Там и тогда. Мовизм. Польша, 1969

Польша, 1969.

Стучали колеса вагонные. Он корчился на нарах, схватившись за живот, последними усилиями воли сдерживая спазмы в кишечнике. А в «столыпине», они еще называли его «телятником», веселились, пели, резались на картах в дурака. Посредине вагона догорали в «буржуйке» брикеты, давая скудное, но все же тепло.
Ему было не до веселья. В ночь перед самым дембелем ему с другом захотелось домашней жареной картошки, они пошли в полковую столовую, заставили дежурного повара пожарить.

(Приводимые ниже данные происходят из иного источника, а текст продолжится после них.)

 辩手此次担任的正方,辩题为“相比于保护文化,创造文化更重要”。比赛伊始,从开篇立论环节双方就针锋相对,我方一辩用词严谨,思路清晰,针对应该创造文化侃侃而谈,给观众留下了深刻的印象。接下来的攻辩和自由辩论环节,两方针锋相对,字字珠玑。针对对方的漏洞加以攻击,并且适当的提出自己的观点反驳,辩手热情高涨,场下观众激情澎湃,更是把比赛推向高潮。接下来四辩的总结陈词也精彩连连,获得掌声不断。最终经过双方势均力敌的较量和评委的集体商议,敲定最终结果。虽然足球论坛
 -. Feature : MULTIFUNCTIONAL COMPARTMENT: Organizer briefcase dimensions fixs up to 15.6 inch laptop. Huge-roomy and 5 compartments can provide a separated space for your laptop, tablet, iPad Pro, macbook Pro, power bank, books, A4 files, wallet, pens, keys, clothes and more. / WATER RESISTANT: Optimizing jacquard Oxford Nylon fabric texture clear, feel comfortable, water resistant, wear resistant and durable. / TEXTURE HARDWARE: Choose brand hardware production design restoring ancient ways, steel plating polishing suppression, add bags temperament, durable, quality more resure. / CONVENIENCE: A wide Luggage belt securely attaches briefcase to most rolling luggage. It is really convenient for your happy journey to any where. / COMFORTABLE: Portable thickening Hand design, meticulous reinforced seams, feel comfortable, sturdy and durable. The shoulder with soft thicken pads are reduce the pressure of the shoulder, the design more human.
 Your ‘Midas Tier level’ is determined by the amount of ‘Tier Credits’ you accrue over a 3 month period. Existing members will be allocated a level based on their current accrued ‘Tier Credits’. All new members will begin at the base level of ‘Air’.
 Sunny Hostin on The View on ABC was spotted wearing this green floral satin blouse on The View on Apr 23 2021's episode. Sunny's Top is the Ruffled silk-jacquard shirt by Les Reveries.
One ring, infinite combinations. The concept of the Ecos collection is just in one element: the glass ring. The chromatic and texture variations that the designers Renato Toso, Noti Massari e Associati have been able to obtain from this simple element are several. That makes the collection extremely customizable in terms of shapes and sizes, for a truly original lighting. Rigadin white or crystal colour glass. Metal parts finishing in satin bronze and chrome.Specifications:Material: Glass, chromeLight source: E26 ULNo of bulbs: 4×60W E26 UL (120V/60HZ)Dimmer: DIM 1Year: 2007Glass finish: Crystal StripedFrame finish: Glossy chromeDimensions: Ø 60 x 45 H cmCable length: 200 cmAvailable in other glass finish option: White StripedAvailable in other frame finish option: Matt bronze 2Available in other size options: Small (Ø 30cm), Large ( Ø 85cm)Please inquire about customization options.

Тот не пожалел, видимо, смальца, и вот теперь он, страдая на нарах, ругал себя по-черному и просил, не умея молиться, Бога, чтобы поезд скорее остановился.

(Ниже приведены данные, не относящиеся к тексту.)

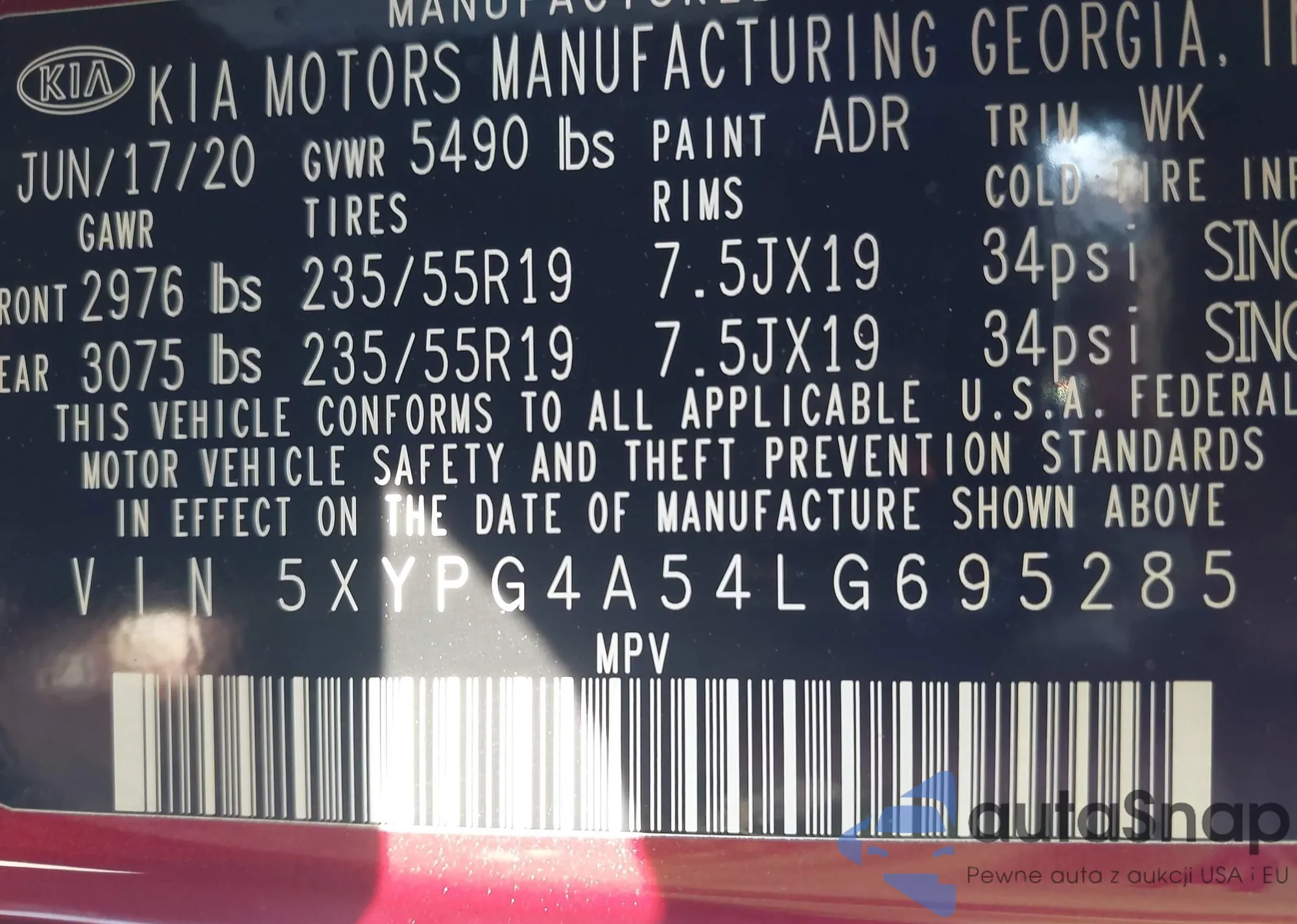 • VIN 5XYPG4A54LG695285

Наконец взвизгнули противно тормозные колодки – поезд остановился на каких-то железнодорожных задворках. Он первым спрыгнул на землю и, на бегу расстегивая брючный ремень, бросился за дощатый сарай.

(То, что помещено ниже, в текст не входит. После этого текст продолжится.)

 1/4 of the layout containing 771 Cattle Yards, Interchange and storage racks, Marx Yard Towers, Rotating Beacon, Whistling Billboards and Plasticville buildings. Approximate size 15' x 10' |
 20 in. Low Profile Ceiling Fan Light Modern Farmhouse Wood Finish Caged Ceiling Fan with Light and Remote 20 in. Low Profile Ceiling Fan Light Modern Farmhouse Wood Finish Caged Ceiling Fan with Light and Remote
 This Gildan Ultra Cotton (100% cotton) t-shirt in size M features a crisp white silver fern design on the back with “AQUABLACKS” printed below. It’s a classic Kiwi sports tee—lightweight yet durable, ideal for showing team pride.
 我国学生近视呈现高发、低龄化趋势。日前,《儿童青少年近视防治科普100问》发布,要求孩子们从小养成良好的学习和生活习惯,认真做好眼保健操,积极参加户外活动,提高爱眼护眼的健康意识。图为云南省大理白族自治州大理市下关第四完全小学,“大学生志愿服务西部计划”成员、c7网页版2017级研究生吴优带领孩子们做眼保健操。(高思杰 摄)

И так на каждой остановке. «Ну ты и даешь, гвардии старший сержант! – понимающе подсмеивались над ним ребята. – Всю Польшу уже своим поносом пометил». У него не было сил отшучиваться – он уже два дня ничего не ел, только пил сладкий чай. Ему делалось ужасно стыдно и перед своими, и перед поляками, но то, что творилось с животом, было еще   невыносимей. «Скорее бы граница, – молил он, – там, в Бресте, их, дембелей, пересадят с узкой колеи в нормальные человеческие поезда, в плацкартные вагоны с туалетами».
Пока же в «телятнике» дурачились, коротая дорогу. Где-то поймали голодного кота, накормили и дали ему лизнуть спиртное, выменянное на остановке у поляка на часы. Хоть живот и крутило, он хохотнул.
– Чего веселишься, болезный? – спросили его. – Уже полегчало?
– Нет пока, мутит еще. Но вот вспомнил Чехова: «Дедушке дают покушать рыбы, и если он не отравляется и остается жив, то кушает вся семья». И вы туда же. Сообразительные!
Удивились в ответ:
– А в полку твоем, доцент, разве не ходили слухи, что поляки дембелей в дороге, бывает, и отравляют? Пусть лучше котяра коньки откинет, чем мы, свое уже отслужившие советские воины!
Поляков вообще притягивали поезда с солдатами, демобилизованными из Группы советских войск в Германии. Старики и старухи ходили вдоль дороги и собирали выброшенное из теплушек солдатское исподнее. Вот и в их «телятнике», как только въехали на польскую территорию, многие дембеля стали переодеваться в трусы и майки, а надоевшие кальсоны и нательные рубахи выбрасывать со счастливым гоготом вон из вагона. Ему самому было не до такого переодевания, но он как-то взглянул в окошко: вся насыпь вдоль дороги белела солдатским исподним, а прямо по нему бродили в темных одеждах сборщики дармовщины.
Наконец граница. Покосившийся плетень, колодец с журавлем. «Ура!  Мы дома, в Союзе!» – закричал кто-то. У некоторых в глазах стояли слезы.
В животе у него успокоилось, утихло, когда они перекочевали в плацкартный вагон.  Пустота только внутри, голова кружится, в ногах слабость.

«Дым Отечества лечит!», – подумал он с облегчением, устраиваясь поудобней на нижней полке.